SAGE Research Methods is an incredibly comprehensive resource for any researcher who uses a methodology (i.e. all of us). Features include:
- A library of almost a thousand digital books on all sorts of different methodologies
- Videos explaining key concepts, which you can browse by method or by discipline
- Case studies detailing how other researchers have used various methods
- Qualitative and quantitative datasets on which to practice your data analysis
- A project planner tool which guides you through the stages of a research project
- Access to SAGE Stats, which provides downloadable datasets (United States data only)
- A methods map showing how various methods are related
If you’re getting to grips with a new method, try using the methods map first. Each method in the map includes links to resources so that you can really learn deeply about your new method while understanding it in the context of related methods. Here’s what the map looks like for the topic of meta-analysis:
Lynda.com hosts video tutorials on a huge range of topics. Its focus is much wider than research; which means that you can learn skills that might not be taught as part of a research degree. For instance, if you need to learn a new coding language for your research, or you need to use graphic design software to create complex figures, Lynda can help you to learn it. Here are some courses that are particularly relevant for researchers:
- SPSS for Academic Research
- Academic Research Foundations: Quantitative (introductory level)
- EndNote Essential Training
- Learning NVivo
- Time Management Fundamentals
- Learning Speed Reading
- R for Data Science
- SQL for Statistics
There are thousands more available, so go searching for what you need.
This database from the National Library of New Zealand collects digital copies of local newspapers, magazines, journals, letters, parliamentary papers, and even diaries of notable people. There are millions of pages available, giving an incredible amount of access to New Zealand’s written history and culture.

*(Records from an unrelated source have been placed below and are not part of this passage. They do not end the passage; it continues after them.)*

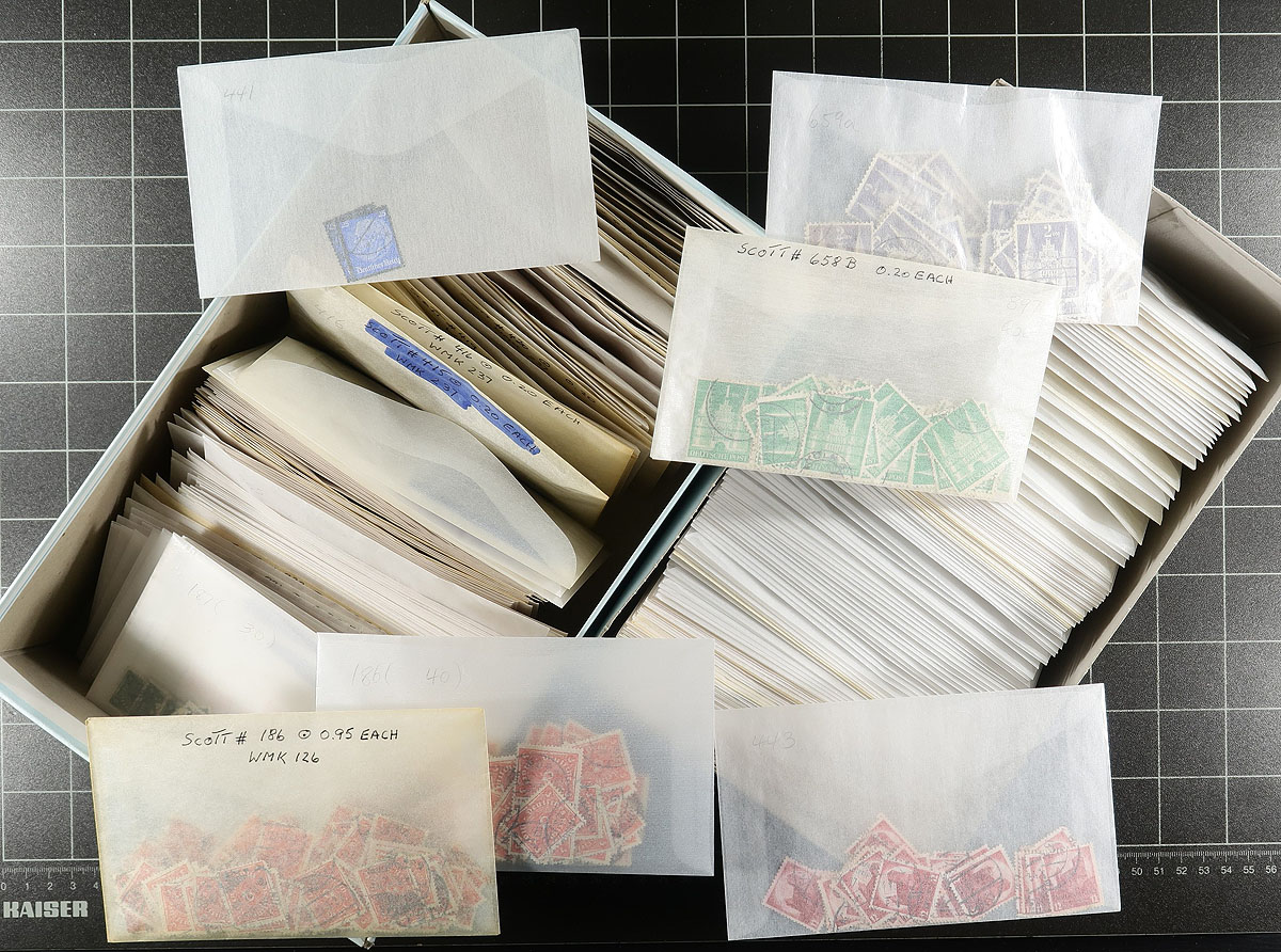 Super used holding Part B (#184/659a). This section runs 1922-1946. Includes lots of hyper-inflation period (where used is harder to find than mint), Hindenburg, a bit of Nazi-era and some post-WWII (castles). All are sorted individually into #5 sized glassine envelopes and marked with the Scott number (if there are catalogue prices, they are quite old). Most are relatively common, but there will be substantial numbers cataloguing $1.50-$5.00 each. This collector excluded damaged stamps and had a fondness for readable cancels and there are hundreds (if not more). Thousands of off-paper stamps, filling two shoeboxes. Estimate =
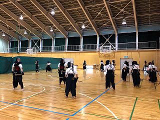 この日は2年生チーム対3年生&顧問の先生チームに分かれての試合稽古を行いました。
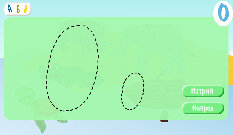 이 프로젝트는 짧은 소개로 시작하여 불가리아 알파벳 30 자와 3 개의 게임 메뉴가 있습니다. 문자가 선택되면, 그것은 특정 문자를 포함하는 요소의 수를 찾아야하는 그림으로 바뀝니다. 편지의 윤곽선을 포함하고 그것을 쓰는 데 사용할 수있는 모듈이 있습니다. 연습 세트의 마지막 부분에는 단어의 올바른 모델에 대해 알려 져야하는 그림이 3 개 있습니다. 게임의 어느 시점에서든 메뉴로 돌아갈 수있는 기회가 있습니다.
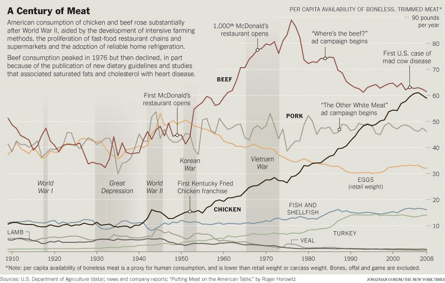 The big story is the explosive chicken boom and the corresponding beef decline. Interestingly, this is reflected in their frequency in the written word, as we discovered in our Google N-gram survey of the American diet back in December. Turkey has also benefited from the white meat craze, while veal and eggs have lost ground, victims of animal welfare and anti-cholesterol campaigns respectively, I suspect.
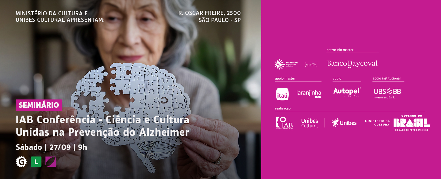 Em alusão ao Mês Mundial de Conscientização da Doença de Alzheimer, o Instituto Alzheimer Brasil (IAB), em parceria com a Unibes Cultural, realiza a IAB Conferência Ciência e Cultura Unidas na Prevenção do Alzheimer
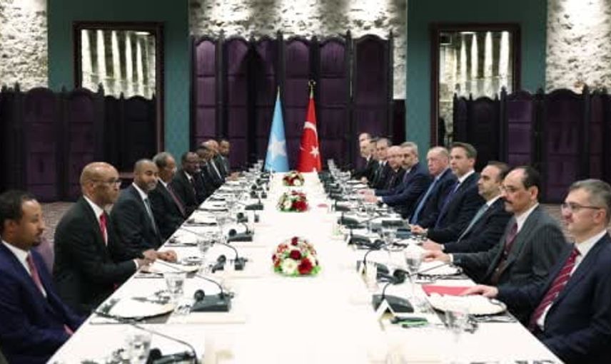 Cumhurbaşkanı Erdoğan ile Somali Cumhurbaşkanı Mahmud arasında gerçekleştirilen heyetler arası görüşmede, iki ülke ilişkilerinin güçlendirilmesine yönelik kapsamlı bir temas yapıldı. Görüşme, resmi heyetlerin katılımıyla yürütülen müzakere formatında sürdü.

A particular highlight is the digitised collection of the Transactions of the Royal Society, which gives an insight into the kind of scientific research that has been performed and reported in New Zealand historically. (This is also a great resource if you need to find scientific information specific to the New Zealand context.)
You can even view the old advertisements that ran in the original printed newspapers and magazines – great for media researchers!